The features can be saved as numpy arrays by specifying --on_extraction save_numpy or save_pickle. By default, it will create a folder ./output and will store features there (you can change the output folder using --output_path)

python main.py \
    feature_type=vggish \
    device="cuda:0" \
    on_extraction=save_numpy \
    video_paths="[./sample/v_ZNVhz7ctTq0.mp4, ./sample/v_GGSY1Qvo990.mp4]"

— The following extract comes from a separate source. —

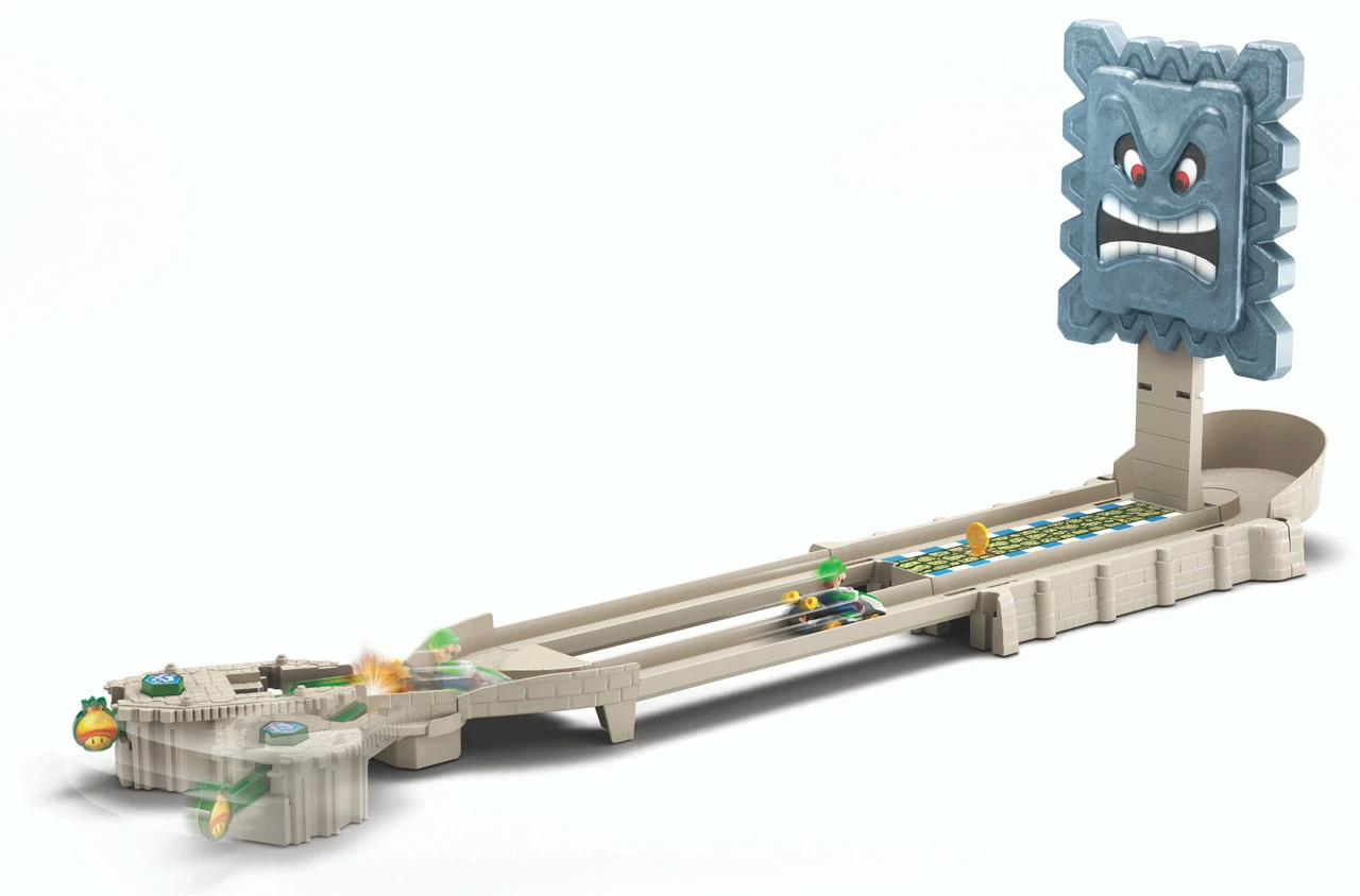 - Hot Wheels® Mario Kart™ Track Set Assortment 4 different tracks with Mario Kart™ vehicles and nemesis from video game 11 Total 1- Slam Launcher 2- Track piece 3- Diverter Track 4- Thwomp land mass 5- Thwomp 6- Bank turn 7- Large bank a 8- Large bank b 9- Large bank c 10- large bank support 11- Kart

Difference between TensorFlow and PyTorch implementations

VGGish was originally implemented in TensorFlow. We use the PyTorch implementation by harritaylor/torchvggish The difference in values between the PyTorch and Tensorflow implementation is negligible. However, after updating the versions of the dependencies, the values are slightly different. If you wish to use the old implementation, you can use the conda environment at the b21f330 commit or earlier. The following table shows the difference in values.

python main.py \
    feature_type=vggish \
    video_paths="[./sample/v_GGSY1Qvo990.mp4]"

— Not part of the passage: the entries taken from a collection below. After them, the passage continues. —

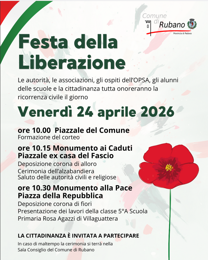 Venerdì 24 aprile 2026 il Comune di Rubano onorerà la ricorrenza civile della "Festa della Liberazione" con una cerimonia che vedrà la partecipazione delle Autorià, delle Associazioni del territorio e gli alunni della classe 5A della Scuola primaria Rosa Agazzi di Villaguattera.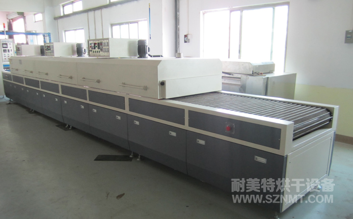 烘干爐部分外形尺寸:總長18米,外寬1.34米,網帶寬1.1米,總高1.22米,進料部分長10米,烘干部分長6.0米,緩沖區長0.3米,冷卻區1.2米,出料部分長0.5米;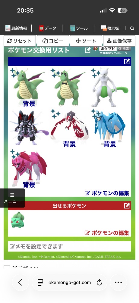 | コメント | 色違いロケカにはこちらから2匹以上出します。 色違いキョダイマックスも一部出せます。背景ありませんが。万博背景も出せます |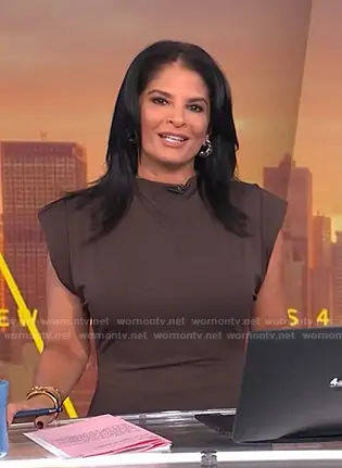 Darlene Rodriguez on Today on NBC was spotted wearing this brown jersey dress on Today on Oct 27 2025's episode. Darlene's Dress is the Harper Dropped Cap Sleeve Midi Sheath Dress in Chocolage by Antonio Melani.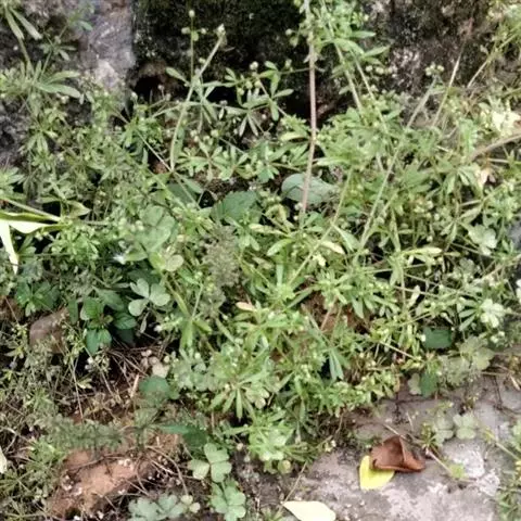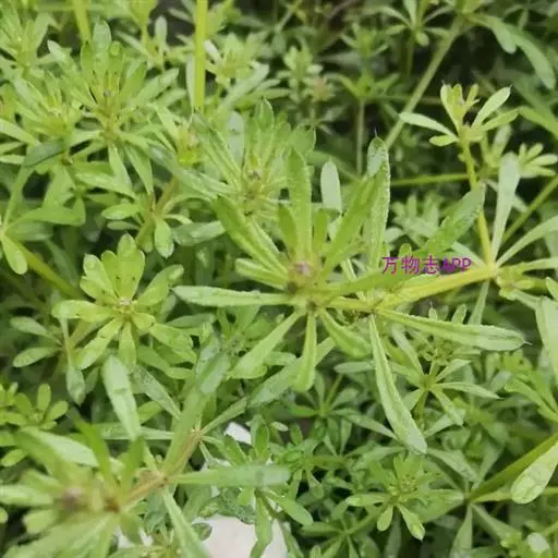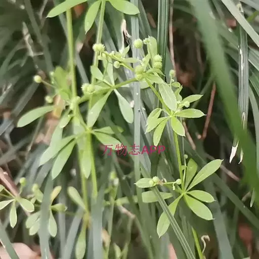 六叶葎 Ehrend. & Schönb.-Tem. ex R. R. Mill)是茜草科拉拉藤属的一年生草本。常直立,有时披散状,高10-60厘米左右,近基部分枝,有红色丝状的根;茎直立,具疏短毛或无毛;叶片薄,纸质或膜质,长圆状倒卵形、倒披针形、卵形或椭圆形顶端钝圆而具凸尖;聚伞花序顶生和生于上部叶腋,苞片常成对披针形,花冠白色或黄绿色,裂片卵形,雄蕊伸出;果近球形,单生或双生,密被钩毛;花期4-8月;果期5-9月。六叶葎分布于中国北、山西、陕西、甘肃、江苏、安徽、浙江、江西、河南、湖北等地,印度、巴基斯坦、尼泊尔、锡金、不丹、缅甸、日本、朝鲜、俄罗斯均有栽培。生于海拔920-3800米的山坡、沟边、河滩、草地的草丛或灌丛中及林下。六叶葎味甘,性平,具有清热解毒、利尿消肿的功效,可用于治疗尿路感染、赤白带下、痢疾、痛肿、跌打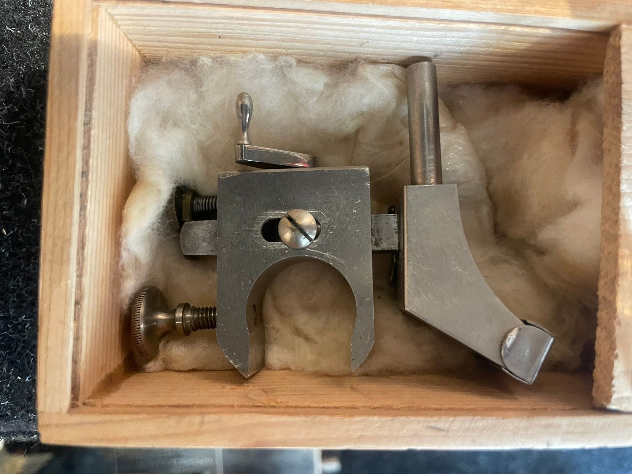 The Simplex shaver is mounted directly onto the Graphophone carriage in place of the reproducer. As the cylinder rotates, a fixed steel blade glides over the surface, removing a fine layer of wax. A side-mounted hand crank with a worm gear ensures steady and even movement across the cylinder.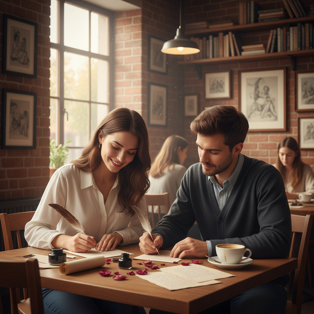 - Wspólne pisanie (np. opowiadań, poezji) jako forma wyrażania uczuć.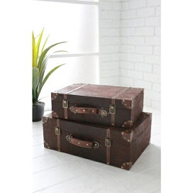 【送料無料】ウッデン・トランクボックス2点セット (BO-01) (ディスプレイ雑貨 レトロ アンティーク 雑貨 収納ボックス BOX 内装 ブラウン小物 結婚式 ウェディング小物 革 レザー 店舗什器 クラシック 宝箱 ふた付き 大きいトランク 蓋つき木箱 インテリア)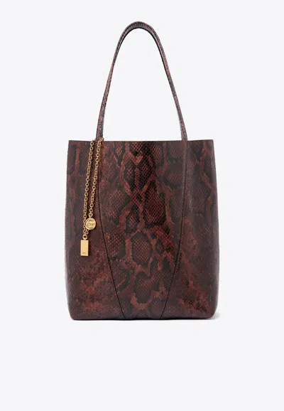 CHLOÉ Spin Python-print Leather Tote Bag In Brown

Original (./sample/v_GGSY1Qvo990.mp4):
[[0.         0.04247099 0.09079538 ... 0.         0.18485409 0.        ]
 [0.         0.         0.         ... 0.         0.5720243  0.5475726 ]
 [0.         0.00705254 0.15173683 ... 0.         0.33540994 0.10572422]
 ...
 [0.         0.         0.36020872 ... 0.         0.08559107 0.00870359]
 [0.         0.21485361 0.16507196 ... 0.         0.         0.        ]
 [0.         0.31638345 0.         ... 0.         0.         0.        ]]
max: 2.31246495; mean: 0.13741589; min: 0.00000000

b21f330 and ealier (./sample/v_GGSY1Qvo990.mp4):
[[0.         0.04247095 0.09079528 ... 0.         0.18485469 0.        ]
 [0.         0.         0.         ... 0.         0.5720252  0.5475726 ]
 [0.         0.0070536  0.1517372  ... 0.         0.33541012 0.10572463]
 ...
 [0.         0.         0.36020786 ... 0.         0.08559084 0.00870359]
 [0.         0.21485506 0.16507116 ... 0.         0.         0.        ]
 [0.         0.31638315 0.         ... 0.         0.         0.        ]]
max: 2.31246495; mean: 0.13741589; min: 0.00000000

Current (./sample/v_GGSY1Qvo990.mp4):
[[0.         0.0752698  0.12985817 ... 0.         0.18340725 0.00647891]
 [0.         0.         0.         ... 0.         0.5479691  0.6105871 ]
 [0.         0.03563304 0.1507446  ... 0.         0.20983526 0.15856776]
 ...
 [0.         0.         0.3077196  ... 0.         0.08271158 0.03223182]
 [0.         0.15476668 0.25240228 ... 0.         0.         0.        ]
 [0.         0.3711498  0.         ... 0.         0.         0.        ]]
max: 2.41924119; mean: 0.13830526; min: 0.00000000

Credits

The PyTorch implementation of vggish.
The VGGish paper: CNN Architectures for Large-Scale Audio Classification.

License

The wrapping code is under MIT but the vggish implementation complies with the harritaylor/torchvggish (same as tensorflow) license which is Apache-2.0.